I'm not anti-indie or pro-studio, but I'm also not pro-indie or anti-studio. I feel that today's film industry, since the new millennia started, is a fresh mix of the two and most of the best projects coming out are independently produced, whatever that means, with the backing of major studios. When people start to look at the billions of dollars in revenue brought about by the film industry and compare that against the stereotype of poor, slums of Harlem artists working hard to get their talent out, it makes it seem as if film has done just that: turned into an industry instead of an art form where profit margins matter. True. Film is an industry, but that doesn't mean the art is gone. Take, for example, Dr. Horrible.

When the Writer's Guild of America went on strike in 2007, Hollywood, in many ways, shut down. Television shows stopped airing new episodes and a lot of films were put on hiatus. It sucked, but it didn't mean contractual arguments were going to halt the production of all visual art. The three Whedons (Joss, Jed, Nick) got together with a bunch of friends and associates and decided to prove you could put together good material outside of the union system at no cost. No one working on Dr. Horrible was paid until months later when its success started bringing in soundtrack and DVD revenue. Instead, they put in hours of work for a project not because they needed the job but they enjoyed the premise and wanted to put it in front of audiences across the nation. Cameras, lights, props, sets were all rented out at no cost, and when the final project was released on the web as a three part series it was absolutely free (I think you have to pay for it now, on iTunes -- worth it!).

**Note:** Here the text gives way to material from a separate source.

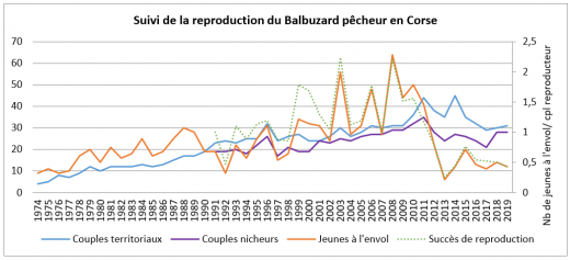En Corse, on assiste à une chute du succès reproducteur (de 2,2 en 2008 à 0,4 en 2019) alors que le nombre de couples reproducteurs reste relativement stable. En 2019, 12 jeunes à l’envol ont été dénombrés, dont 2 dans la réserve naturelle de Scandola alors qu’on en comptait 15-20 à l’envol jusqu’en 2010. Il est indispensable que la surfréquentation touristique dans la zone de protection marine, impliquée dans le déclin du Balbuzard en Corse, soit surveillée et régulée pour protéger les couples du dérangement et permettre à la population de se renouveler.

This post isn't so much about Joss Whedon's projects as it is the atmosphere in which they were created, but I've yet to see something bad by him (even Serenity was ok). Dr. Horrible is absolutely fantastic, from Neil Patrick Harris to Nathan Fillon to the incredibly catchy songs. It's great. I actually just saw a stage production of it, and watching it really made me appreciate the scope of Horrible's success. If you haven't seen it already, I highly encourage you to, along with anything else Whedon you can get your hands on. Almost all of his material is available on Netflix Instant streaming.

At the same time, though, Whedon isn't, or maybe the better word is wasn't, big bucks material. He was, as the term goes, a cult filmmaker. There were select groups of college kids who go gaga over Buffy and Angel and Firefly, and all of his works are critically acclaimed. Yet Firefly was cancelled after one season and Dollhouse only lasted two. Some might say its the profit-seeking networks not being able to recognize a good show when they're so blinded by crap reality television, but at the end of the day if a show isn't bringing in viewership and ads it can't be financed. That's just how things work. (And networks do recognize when a show is loved, as shown by the recent renewal of Fringe for a fourth season despite low Nelson ratings -- Fox took note it was still doing well on DVR.) For me, Whedon has been one of those filmmakers who was literally too good. You know his stuff is great, but it appeals to such a niche that it can't gain mainstream viewers.

Yet here we are in 2011 and Joss Whedon is co-writer and director of next year's The Avengers. This movie is huge, there's not much that needs be said there, and Marvel has entrusted it to a man who is not known for huge numbers but instead for faithful projects and adoring fans. The artistic community, here represented not by individual tech guys lending equipment but by a company built upon trending the balance between niche and mainstream appeal, is not blind to artistic genius. Marvel is willing to take Whedon and place their hundred million dollar project in his hands. He's not just directing a Hulk movie that can be revamped. This is the Avengers, the top of the top. The success of this film will determine the future of Marvel movies and just how complex and intertwining the plots can get. Marvel movies have to appease fans who have been reading the comics for years while also bringing in non-comic readers who just want to be entertained.

Joss Whedon knows how to do these things. He is an artist in every since of the word. He knows how to make a product that his long time fans will devour, but he also knows the commonalities of movies and television and what is expected of him if he is to bring in the everyday weekend movie watcher, age 18-24 (as if that demographic is hard to grab for superhero movies). Film is an art form, and when a project comes along that is in every way original and creative and all-out awesome, the people of film, the people of Hollywood get behind it.